2) Verhoogde zorgplicht

Verplichting om bomen op locaties met verhoogde gevaarzetting (pleinen, winkelcentra, speelplaatsen etc.) tenminste 1 keer per jaar te laten controleren.

 

3) Onderzoeksplicht

Geldt voor bomen waarbij uitwendige gebreken of symptomen voor verborgen gebreken zijn vastgesteld, die een potentieel risico kunnen betekenen. Nader onderzoek moet uitwijzen wat de aard en ernst van die gebreken is en welke maatregelen noodzakelijk zijn.

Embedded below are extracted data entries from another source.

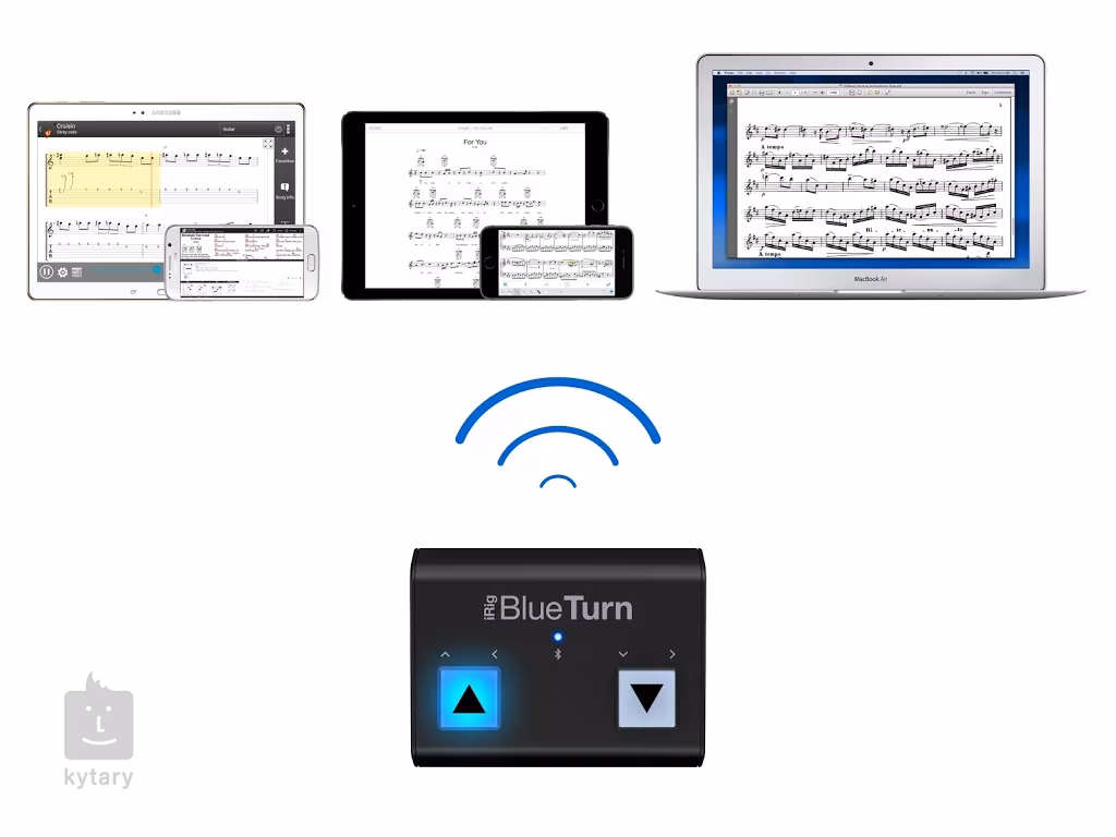 Das iRig Blue Turn ist kompatibel mit iPhone/iPad, Mac und Android-Geräten. Die Tasten senden eine HID-Nachricht an ein synchronisiertes Gerät mit Bluetooth LE-Technologie. Dies funktioniert mit allen gängigen Apps zum Umblättern oder Anzeigen von Dokumenten, einschließlich Adobe Reader oder der IK-eigenen App iKlip Stage.
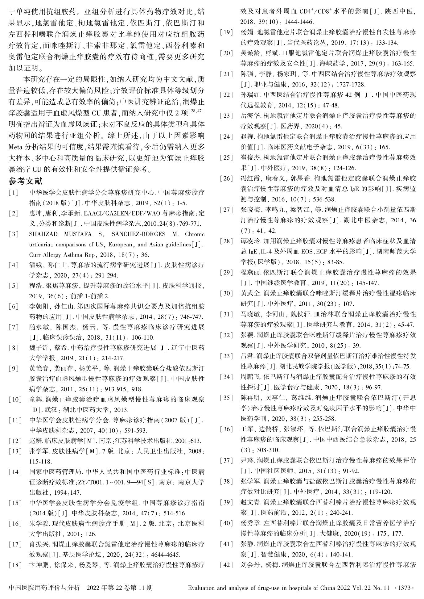 润燥止痒胶囊联合抗组胺药治疗慢性荨麻疹的系统评价
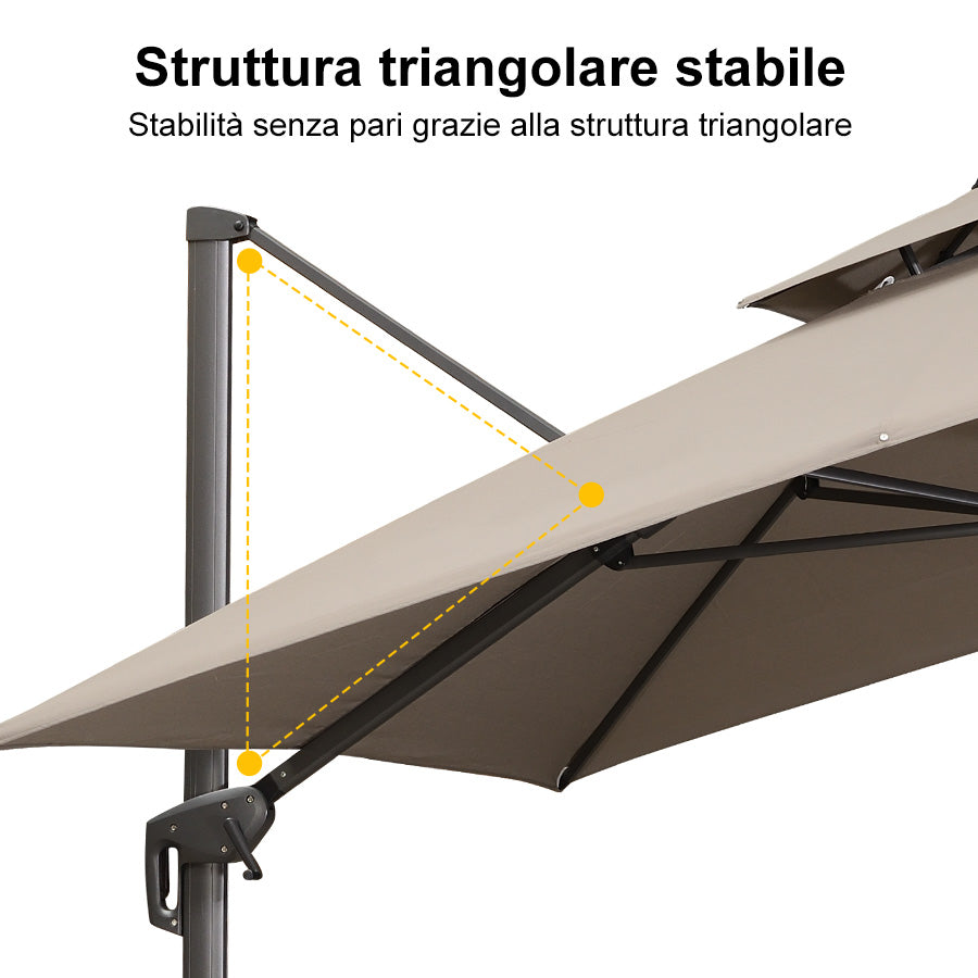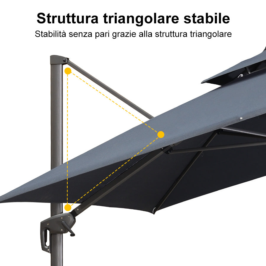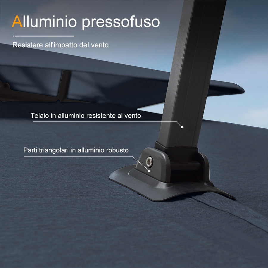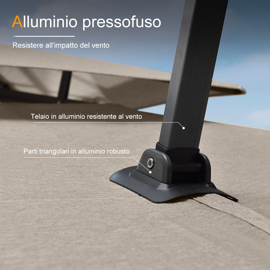 💜 Struttura robusta: I montanti, realizzati interamente in alluminio con rivestimento antiossidante a spruzzo e otto robuste stecche, garantiscono sufficiente stabilità e garantiscono un'elevata resistenza alle intemperie di questo ombrellone a sbalzo.
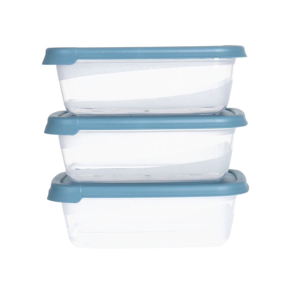 Sada 3 plastových dóz na potraviny je ideálna na skladovanie a prenášanie akéhokoľvek pokrmu. Dózy je možné poskladať do jednej, čím ušetríte miesto na skladovanie. Možné využiť v mikrovlnnej rúre, mrazničke aj umývačke riadu. Dodávame v dvoch farebných variantoch (sivá, modrá) bez možnosti výberu.
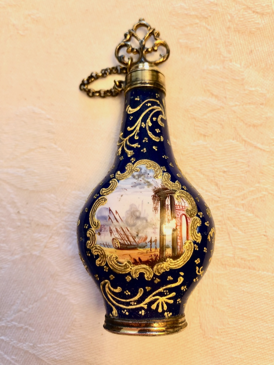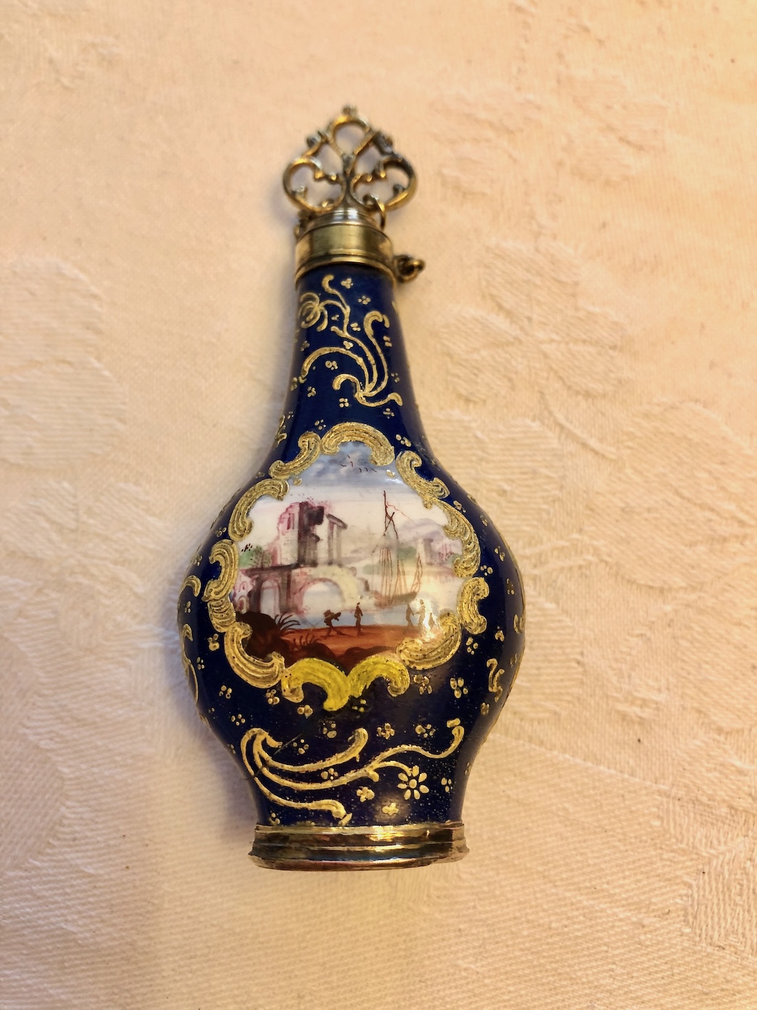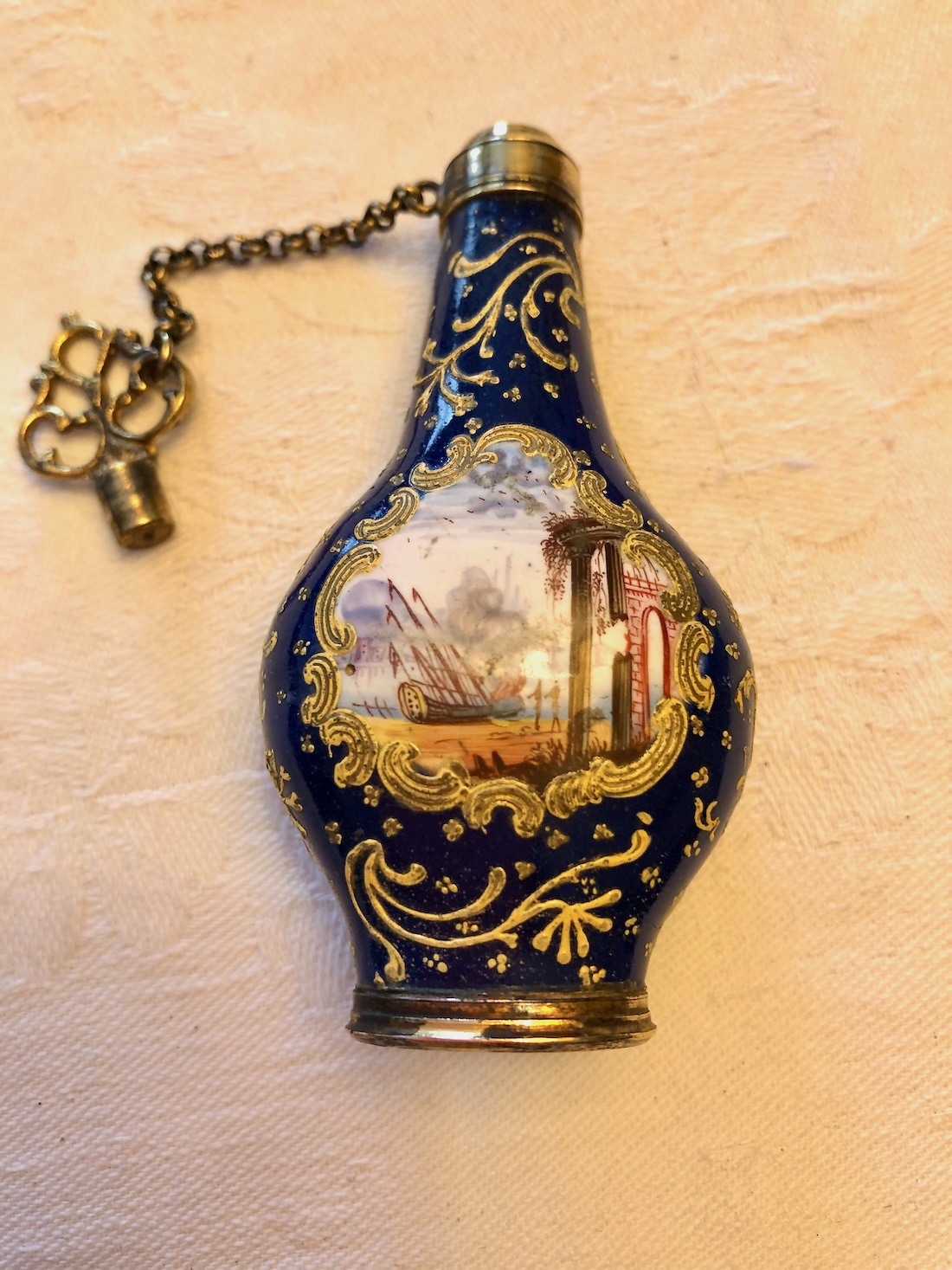 A charming small enamel scent bottle measuring 8.8cm high. Both sides of the scent bottle are painted with harbour scenes on a royal blue ground. Surrounding the central painting are scrolls in gold with tiny flowers. The top has a gilt metal collar and the stopper is pierced with a small chain attached to the collar. A lovely piece. It is in good condition but there is some age related wear and a scratch on the bottom left.

De boomcontrole kan uit worden gevoerd aan de hand van de VTA-methode (Mattheck & Breloer, 1995). VTA staat voor Visual Tree Assessment, ofwel een visuele boomveiligheidsbeoordeling. De gemeente Opmeer heeft de VTA voor al haar 4690 bomen op orde.

 

Omgevingsvergunning bomen kappen

Voor het kappen van een boom of houtopstand, kan het zijn dat er een omgevingsvergunning (voorheen kapvergunning) nodig is. Van kappen kan ook sprake zijn als er zeer drastisch wordt gesnoeid, bijvoorbeeld het verwijderen van de kroon uit een boom.

 

In de APV is opgenomen dat het verboden is om zonder kapvergunning bomen te vellen die deel uitmaken van de bomenlijst met kapvergunningsplichtige bomen en bomen die in de hoofdstructuur staan. In de lijst met kapvergunningsplichtige bomen staan zowel gemeentelijke als particuliere bomen opgenomen.

 

Door op deze lijst te kijken zou het voor de burger in een oogopslag helder moeten zijn of een aangevraagde boom wel of niet gekapt mag worden zonder vergunning. Naast de bomen op de kapvergunningsplichtige lijst zijn de gemeentelijke bomen in de hoofdstructuur kapvergunningsplichtig. Zie voor de lijst: https://www.opmeer.nl/inwoners/direct-regelen_44490/product/bomen-kappen_383.html

 

M.b.t. tot Herplant- instandhoudingsplicht van kapvergunningsplichtige bomen is opgenomen dat indien een houtopstand behorende bij een erkende waardevolle standplaats wordt geveld, op deze waardevolle standplaats te allen tijde, op korte termijn, een nieuwe duurzame houtopstand op juiste wijze te worden aangeplant

 

Gemeentelijk beleid

Milieubeleidsplan 2012-2015

Het nieuwe milieubeleidsplan legt voor de periode 2012-2015 de koers en ambitie op het gebied van milieu en duurzaamheid vast. Het milieubeleidsplan staat niet op zichzelf. Het milieubeleid is steeds meer verweven met andere beleidsterreinen.

 

Het plan geeft in feite het overall milieubeleid weer, dat deels ook in andere beleidsterreinen en op andere afdelingen wordt uitgevoerd. In dit milieubeleidsplan worden andere beleids- en beheerplannen genoemd, waarin milieu een rol speelt. Het gaat hierbij om bestaande plannen en in ontwikkeling zijnde of in de toekomst voorziene plannen. De plannen worden op de betreffende afdelingen opgesteld en uitgevoerd.

 

Extra prioriteiten vanuit het Raadsprogramma 2014-2018

Uit de visie komt dan ook naar voren dat de gemeente de karakteristieke groene invulling met haar open specifieke karakter wil handhaven. Dit betekent dat de hoofdgroenstructuur in stand wordt gehouden en dat het omringende landschap verder in de wijken doorgezet/doorgevoerd wordt. Dit betekent echter niet dat bestaand groen in de groenstructuur, onveranderd moet blijven.

 

Het groene karakter van de gemeente wordt behouden en de recreatieve potentie van het unieke Westfriese landschap wordt samen met de regio verder ontwikkeld.

 

De gemeente Opmeer kenmerkt zich door veel groen en een goed verzorgde openbare ruimte.

 

  • De gemeente zorgt samen met de inwoners voor een goed onderhouden openbare ruimte. De infrastructuur is passend en goed onderhouden.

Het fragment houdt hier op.